“Two major injustices — inequality and climate change — are threatening to undermine the efforts of millions of people to escape poverty and hunger. By concentrating wealth and power in the hands of a few, inequality robs the poorest people of the support they need to improve their lives. And as climate change devastates crops and livelihoods, it undoes poor people’s efforts to feed their families.
But an historic opportunity is on the horizon as the sun sets on the Millennium Development Goals. Right now the UN is in the midst of a heated debate about the new set of Sustainable Development Goals. This new framework for global development could end poverty and save the planet.
Laudable progress has been made under the MDGs, which are set to expire next year. The goal to halve extreme poverty has been met — an achievement to celebrate. The MDGs have inspired a common purpose and ambition, and there have been many development successes over the last 14 years.
Yet the twin challenges of inequality and climate change have not been adequately tackled — and Oxfam fears the same mistake will be made again. If we are to create a fairer, healthier world, the new Sustainable Development Goals must be ambitious, and backed up by strong action on climate change.
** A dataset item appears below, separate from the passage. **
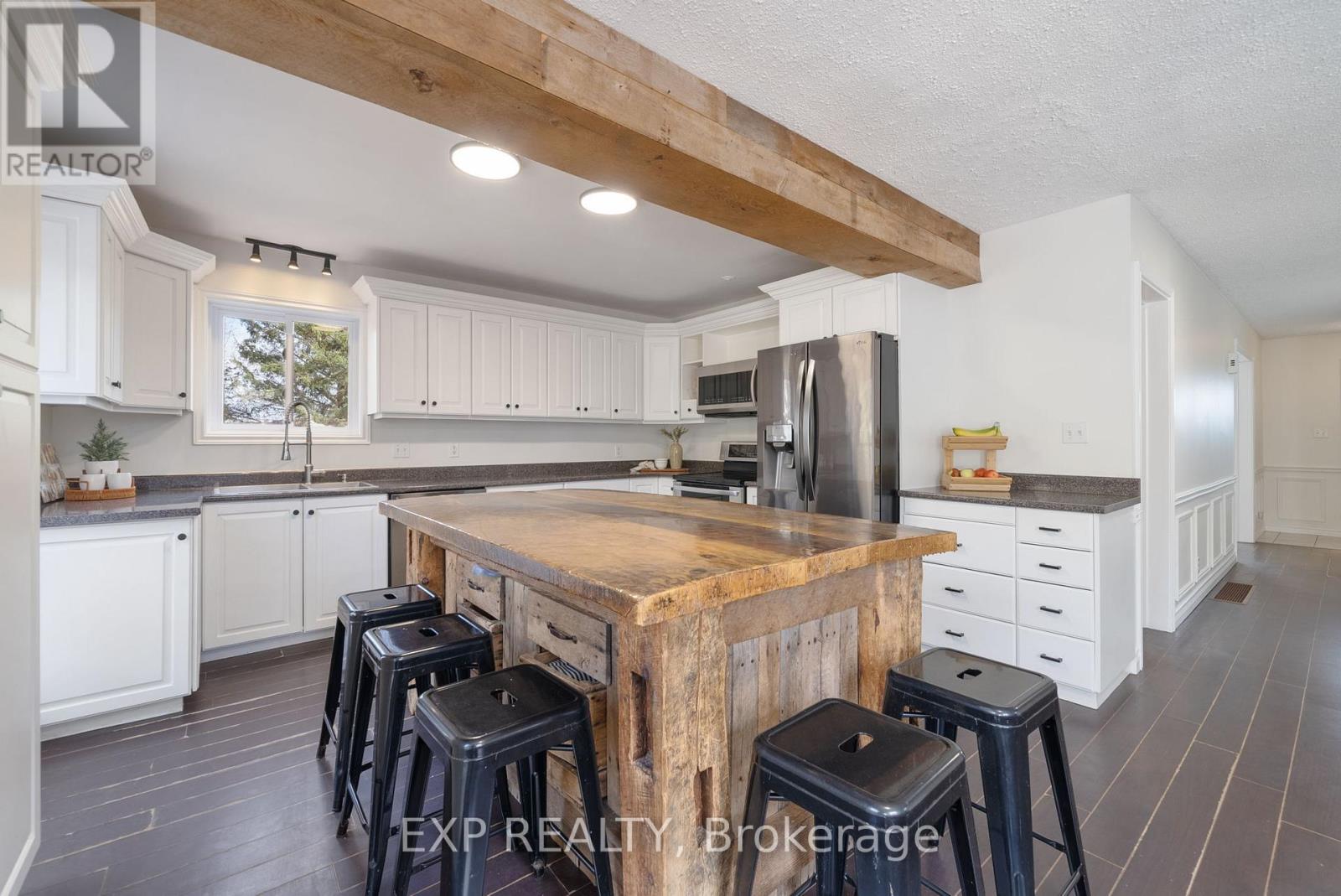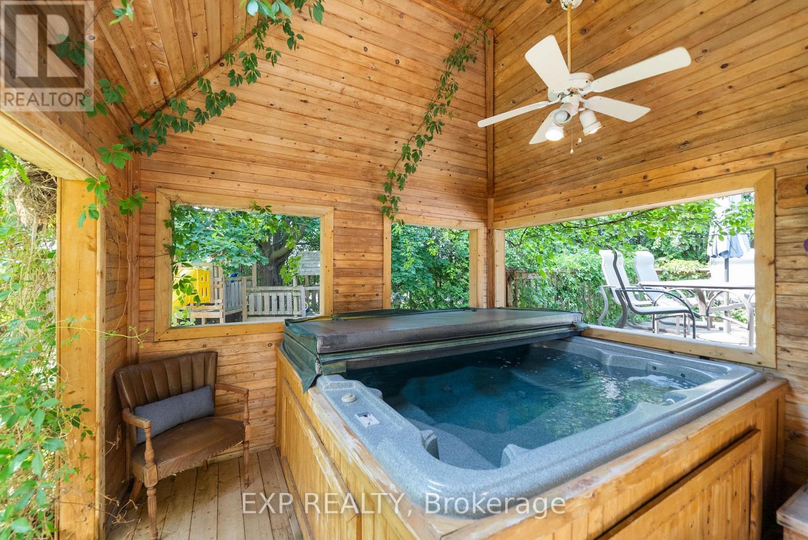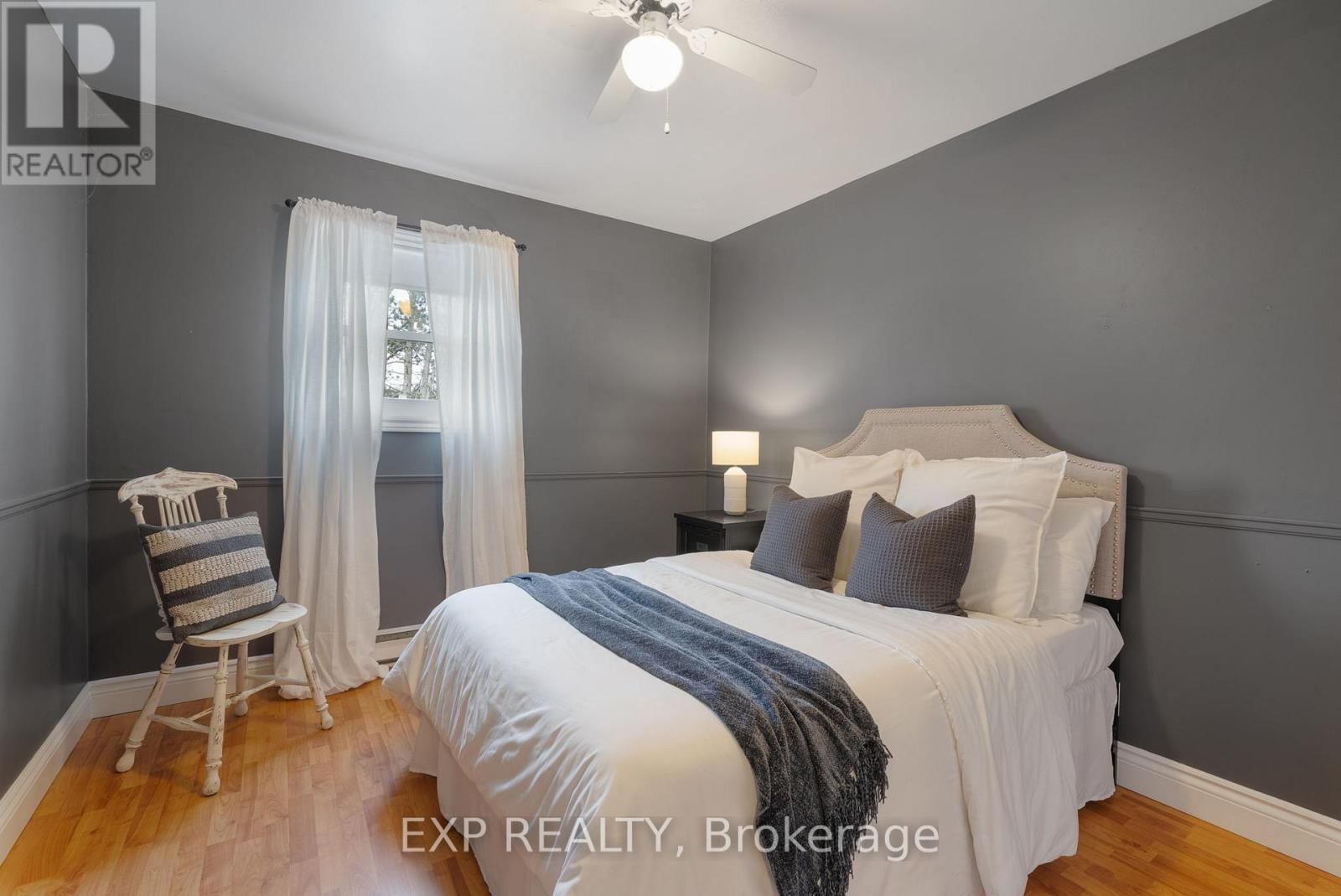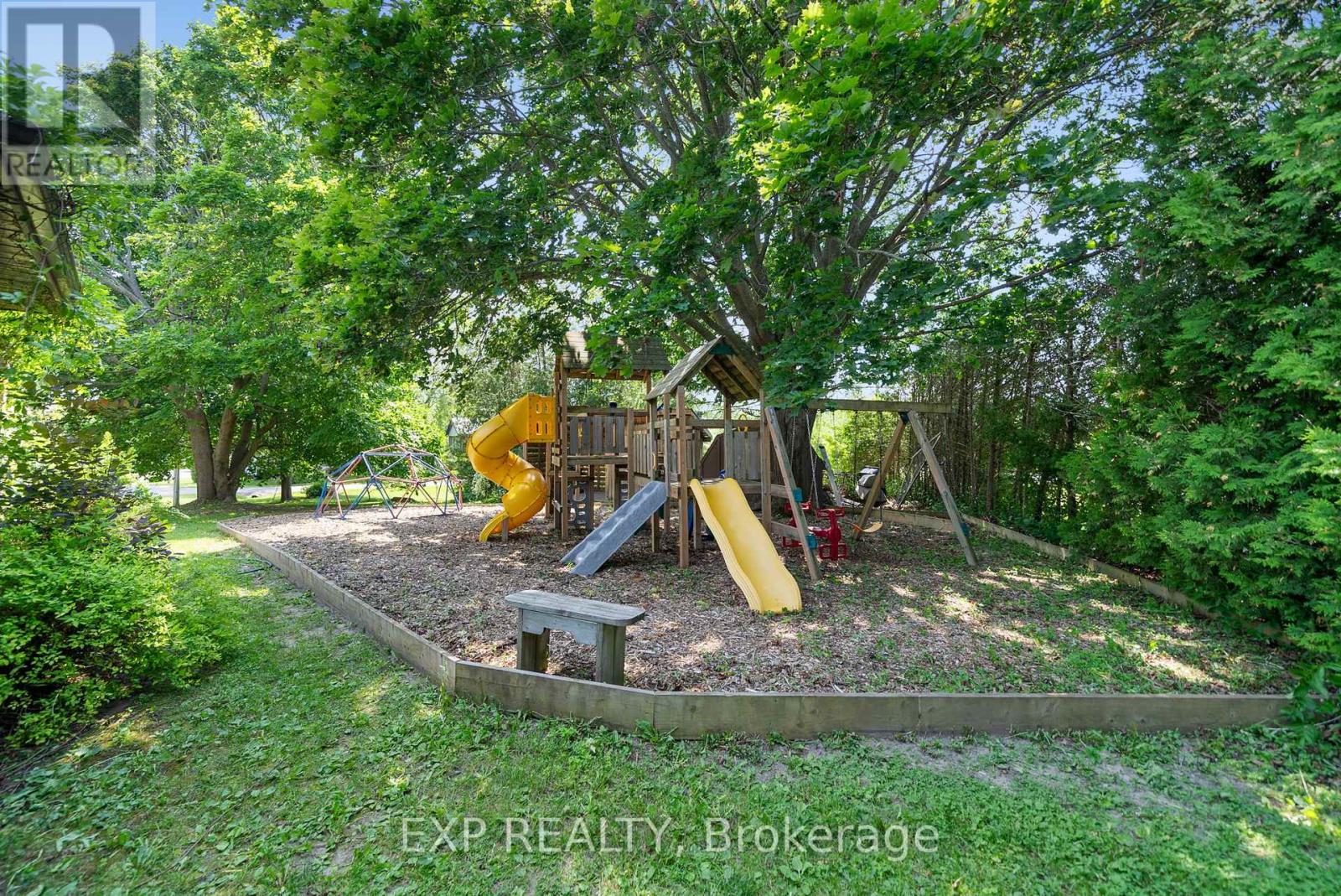 This warm and welcoming 3+1 bedroom, 2 bathroom home is full of character and ideal for family living. Featuring a lofted ceiling in the living room, a kitchen with freshly painted cabinets, reclaimed wood island, and built-in seating, plus a large formal dining room perfect for entertaining. Upstairs, you'll find three bedrooms and a Jack & Jill ensuite, while the finished basement adds a rec room and additional bedroom perfect for guests or a home office. Set on a large corner lot at the end of a quiet cul-de-sac, this property is an outdoor lovers dream, complete with a deck overlooking an above-ground pool, new roof (2025), hot tub gazebo, kids play structure, fire pit, backyard orchard and even a chicken coop! With ample driveway parking and main floor laundry, this home blends function, charm, and fun. (id:51158)

Recently, Oxfam revealed that the world’s 85 richest people have as much wealth as the poorest 3.5 billion. That figure was recently revised. Now the richest 66 have the same as the bottom half of humanity. If the global community fails to curb the widening gap, a host of related economic and social problems will ensue, including the undermining of efforts to eradicate poverty. We can only lift up those at the bottom if we tackle the extreme wealth at the top.
At the same time, climate change is threatening to undo progress made in confronting poverty over the last decade. More than 800 million people are at risk of hunger. Through its devastating impact on crops and livelihoods, climate change is predicted to increase that number by as much as 20 percent by 2050.”